Reputation: 429
So I am back with another question about python and pandas. I have table1 with following columns:
ID;COUNT;FOREIGN_ID;OTHER_DATA
1;3;xyz1
2;1;xyz2
3;1;xyz3
table2
ID;FOREIGN_ID;OTHER_DATA
1;xyz1;000001
2;xyz1;000002
3;xyz1;000003
4;xyz1;000004
5;xyz1;000005
6;xyz2;000000
7;xyz2;000000
8;xyz3;000000
9;xyz3;000000
Both tables are stored as CSV files. I load both of them into dataframe, and then iterate through TABLE1. I must find all records in table2 with same record and randomly select some of them.
df_result = pd.DataFrame()
df_table1 = pd.read_csv(table1, delimiter=';')
df_table2 = pd.read_csv(table2, delimiter=';')
for index, row in df_table1 .iterrows():
df_candidates = df_table2[(df_table2['FOREIGN_ID'] == row['FOREIGN_ID']
random_numbers = np.random.choice(len(df_kandidati), row['count'], replace=False)
df_result.append(df_candidates.iloc[random_numbers])
In my earlier question I got an answer that using For loop is big time waster... But for this problem I can't find a solution where I wouldn't need to use for loop.
EDIT: I am sorry for editing my question so late.. was busy with other stuff... As requested below is the result_table. Please note that my real tables are slightly different than those below. I am joining tables on 3 foreign keys in my real use but for demonstration, I am using tables with fake data.
So the logic should be something like this: Read the first line of table1.
1;3;xyz1
Find all records with same FOREIGN_ID in table2 count = 3, foreign_id = xyz1 Rows with foreign_id = xyz1 are rows:
1;xyz1;000001
2;xyz1;000002
3;xyz1;000003
4;xyz1;000004
5;xyz1;000005
Because count = 3 I must randomly choose 3 of those records. I do this with the following line: df_candidates is table of all suitable records (table above)
random_numbers = np.random.choice(len(df_candidates), row['count'], replace=False)
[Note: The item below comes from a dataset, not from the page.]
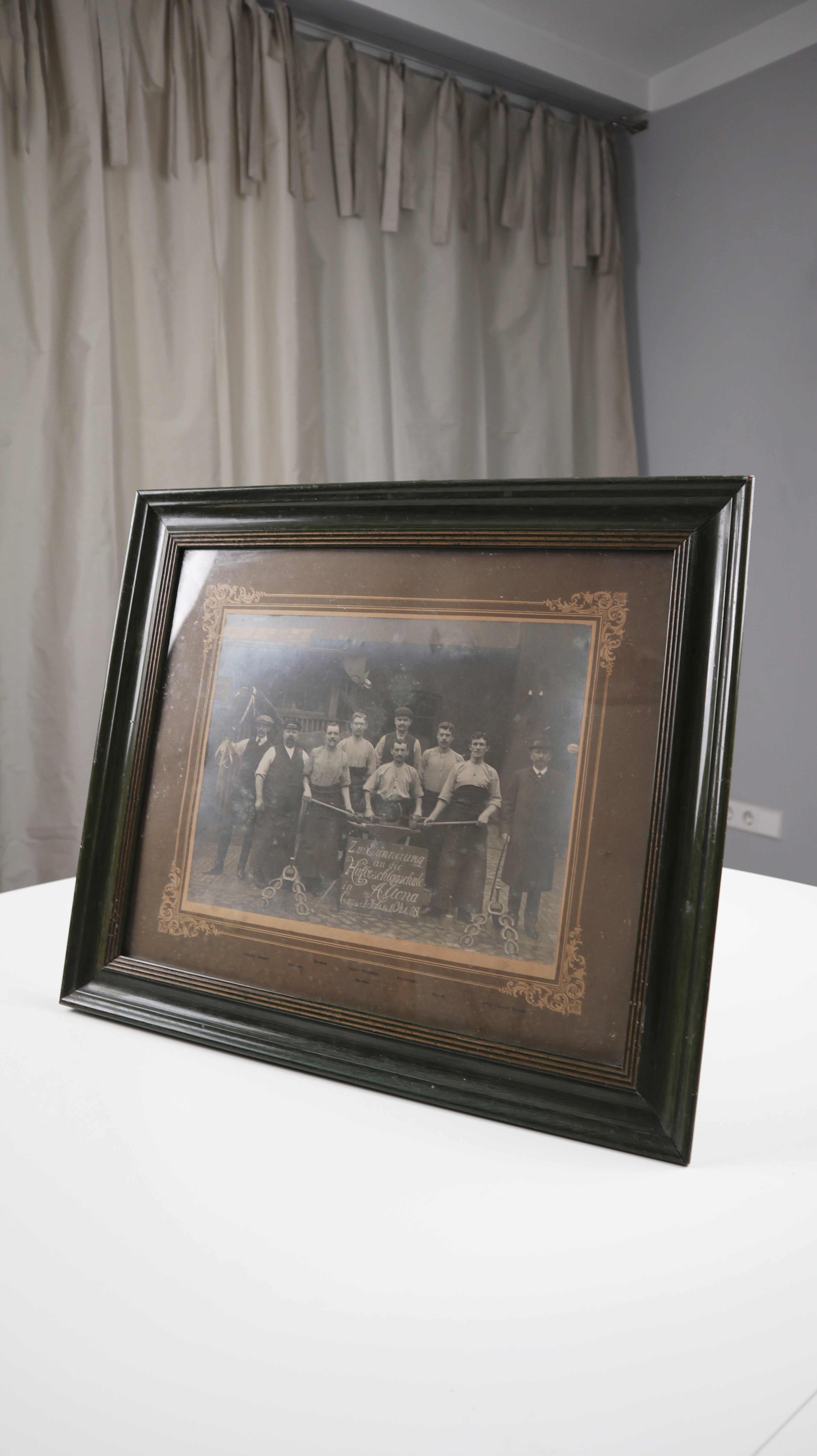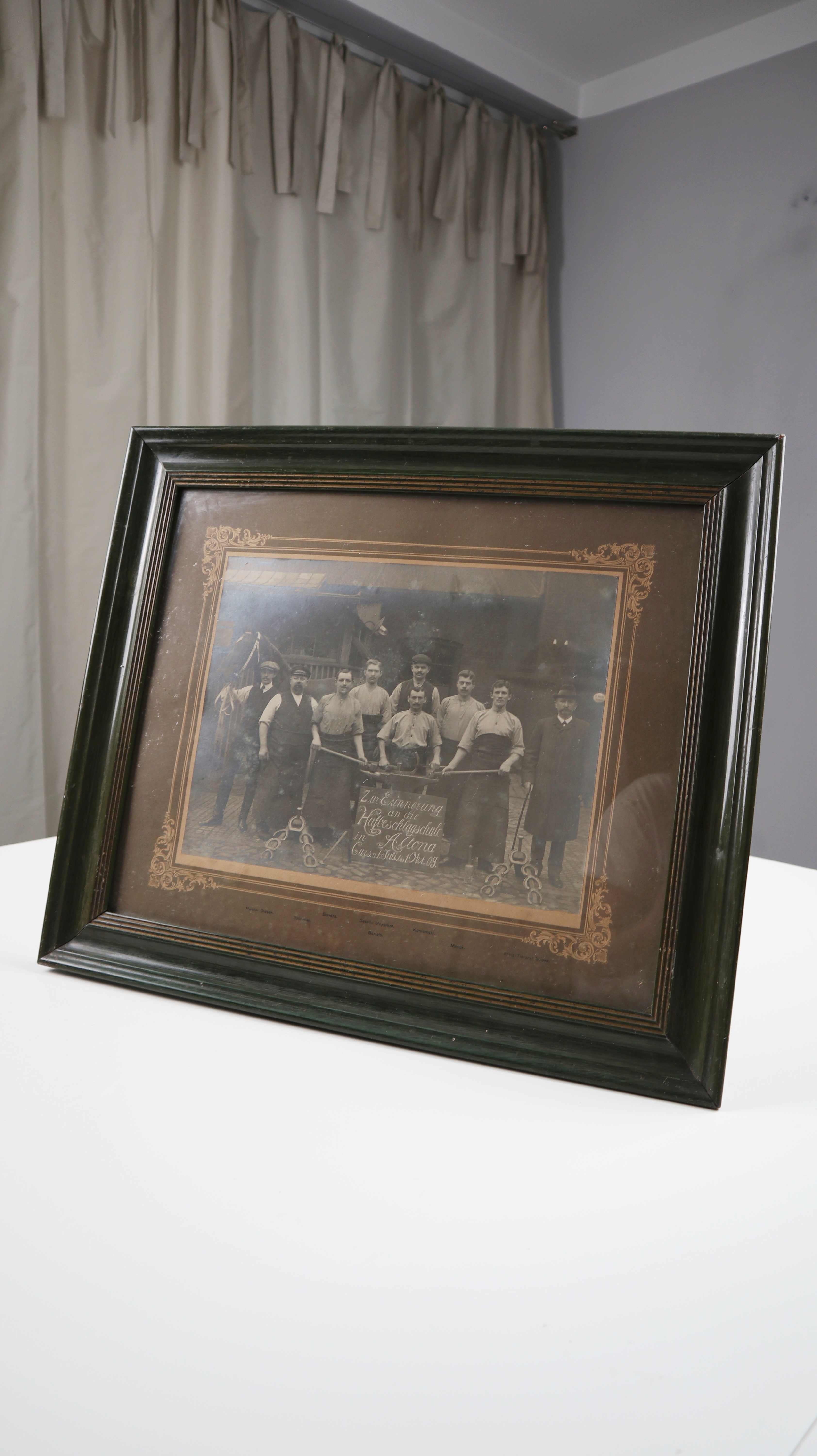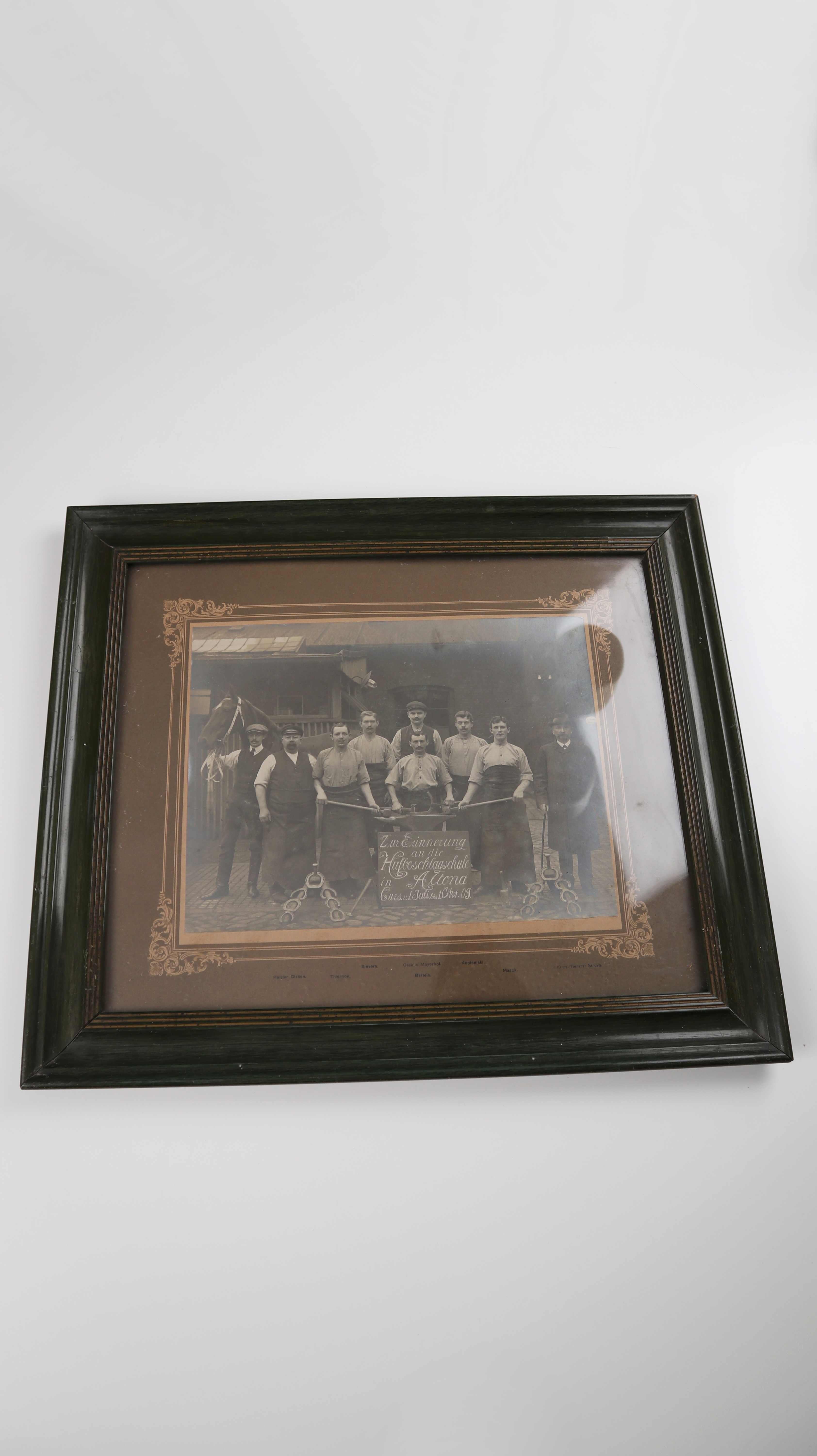 Antikes Bild Fotografie gerahmt grün Hufschmied Altona

Then I store randomly chosen records in a df_result after parsing all rows from table1 I write df_result to the csv.
Problem is that my tables are 0.5milion - 1 milion rows big so iterating through every row in table1 is really slow... And I am sure there is a better way of doing this.. But I've been stuck on this for past 2 days so..
Upvotes: 0
Views: 72
Reputation: 3733
To select rows, containing only values from Table1, you can use, for example, pd.merge :
col = "FOREIGN_ID"
left = df_table2
right = df_table1[[col]]
filtered = pd.merge(left=left, right=right, on=col, how="inner")
Or df.isin():
ix = df_table2[col].isin(df_table1[col])
filtered = df_table2[ix]
Then to select random sample per group:
def select_random_row(grp):
choice = np.random.randint(len(grp))
return grp.iloc[choice]
filtered.groupby(col).apply(select_random_row)
Upvotes: 1
Reputation: 462
Have you looked into using pd.merge()
Your call would look something like:
results=pd.merge(table1, table2, how='inner', on='FOREIGN_ID')
Upvotes: 1